News you may have missed #689: NSA edition

Michael HaydenBy IAN ALLEN| intelNews.org |
►►Ex-NSA Director calls Stuxnet a ‘good idea’. General Michael Hayden, once head of the NSA and CIA, who was no longer in office when the Stuxnet attack on Iran occurred, but who would have been around when the computer virus was created, denies knowing who was behind it. He calls Stuxnet “a good idea”. But he also admits “this was a big idea, too. The rest of the world is looking at this and saying, ‘clearly, someone has legitimated this kind of activity as acceptable'”.
►►NSA develops secure Android phones. The US National Security Agency has developed and published details of an encrypted VoIP communications system using commercial off-the-shelf components and an Android operating system. A hundred US government employees participated in a pilot of Motorola hardware running hardened VoIP called ‘Project FISHBOWL’, NSA Information Assurance Directorate technical director Margaret Salter told the RSA Conference in San Francisco on Wednesday. “The beauty of our strategy is that we looked at all of the components, and took stuff out of the operating system we didn’t need”, said Salter. “This makes the attack surface very small”.

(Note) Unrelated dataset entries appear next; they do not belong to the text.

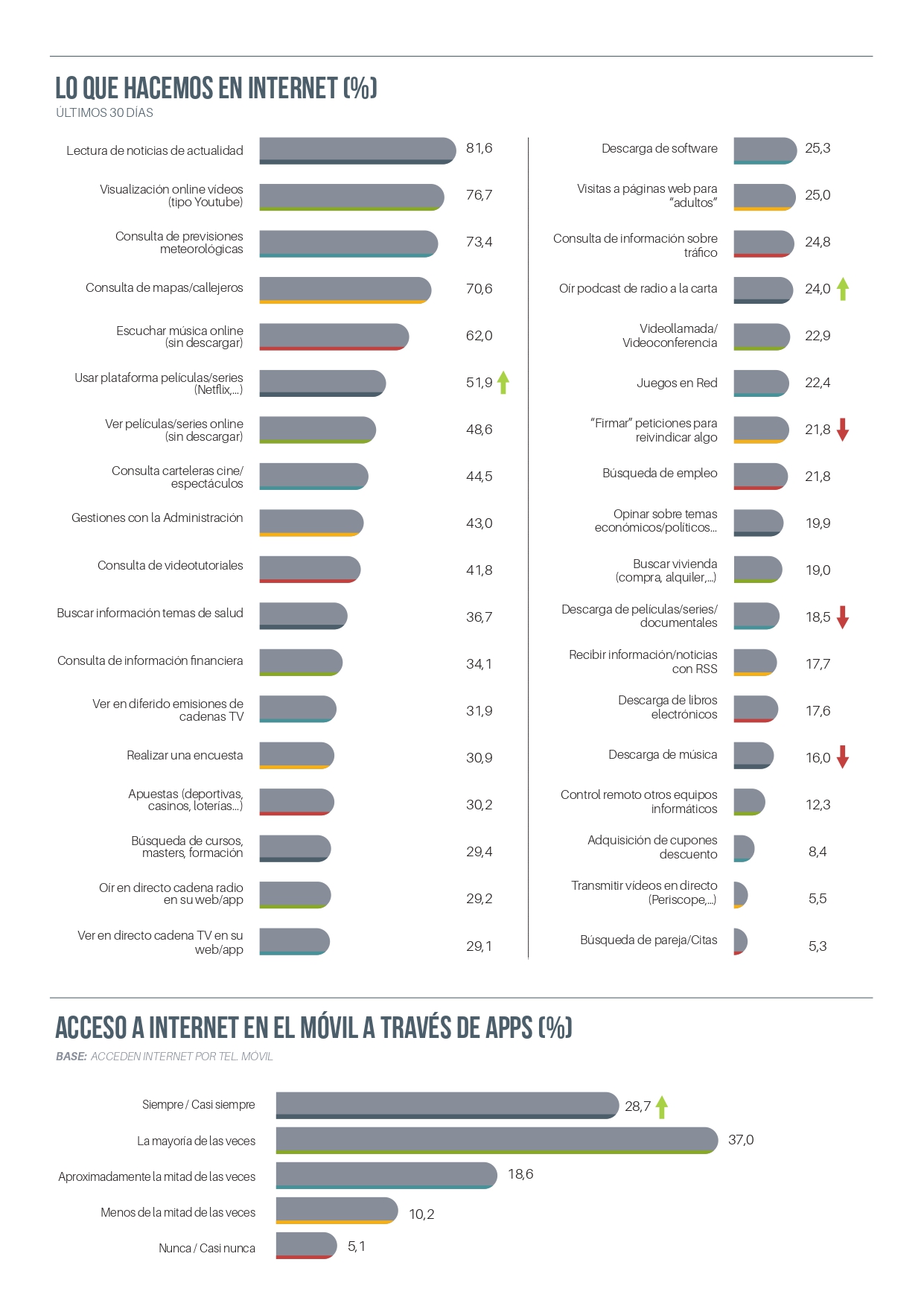 este aparato continúa siendo ver contenidos audiovisuales (79,1% en los últimos 30 días). Otro tipo de actividades realizadas son navegar por la web (24,8%), lectura de noticias de actualidad (12,8%), oír la radio (12,4%), correo electrónico (11,9%), redes sociales (11,2%) y comprar productos o servicios (6,8%).
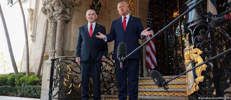 Trump recebeu Netanyahu em seu resort de Mar-a-Lago, em Palm Beach, e elogiou a atuação do governo israelense durante a implementação do acordo de cessar-fogo na Faixa de Gaza, que entrou em vigor em outubro.
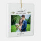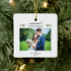 Este ornamento é um presente de Natal perfeito para o novo casal. Ele apresenta um design elegante e mínimo com fundo branco. Personalize com sua foto de casamento, nome e ano.
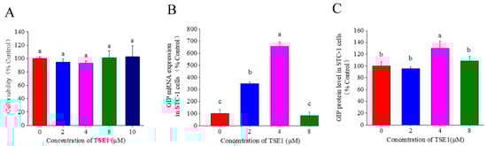 Effect of TSE1 on the GIP expression in STC-1 cells at 24 h. (A) Cell viability after 24 h treatment of TSE1 determined by MTT assay. (B) The mRNA expression of GIP determined by RT-PCR. (C) The protein level of GIP in the cell culture media determined by ELISA. Different letters indicate significant difference among groups (p < 0.05).
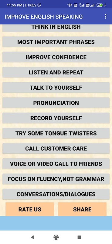 Yukarıdaki ipuçlarını takip ederseniz, İngilizce konuşmayı kolayca geliştirecek, İngilizce konuşma becerilerinizi geliştirecek ve akıcı bir şekilde İngilizce konuşabileceksiniz.Bu android uygulamasının İngilizceyi çok hızlı öğrenmek ve akıcı bir şekilde İngilizce konuşmak için güçlü bir araç olduğunu düşünüyorum.
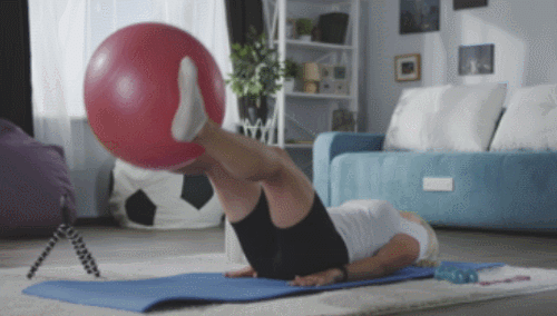 매트에 눕고, 다리 사이에 짐볼을 끼우세요. 그리고 다리에 힘을 주면서 짐볼이 떨어지지 않도록 자세를 유지합니다. 그런 다음 다리를 바닥과 90도 각도로 들었다가 내리는 레그레이즈 동작을 진행하세요. 1분간 반복합니다.

►►Senior US Defense official says DHS should lead cybersecurity. In the midst of an ongoing turf battle over how big a role the National Security Agency should play in securing America’s critical infrastructure, Eric Rosenbach, deputy assistant secretary of Defense for Cyber Policy in the Department of Defense, said on Wednesday that the NSA should take a backseat to the Department of Homeland Security in this regard. “Obviously, there are amazing resources at NSA, a lot of magic that goes on there”, he said. “But it’s almost certainly not the right approach for the United States of America to have a foreign intelligence focus on domestic networks, doing something that throughout history has been a domestic function”.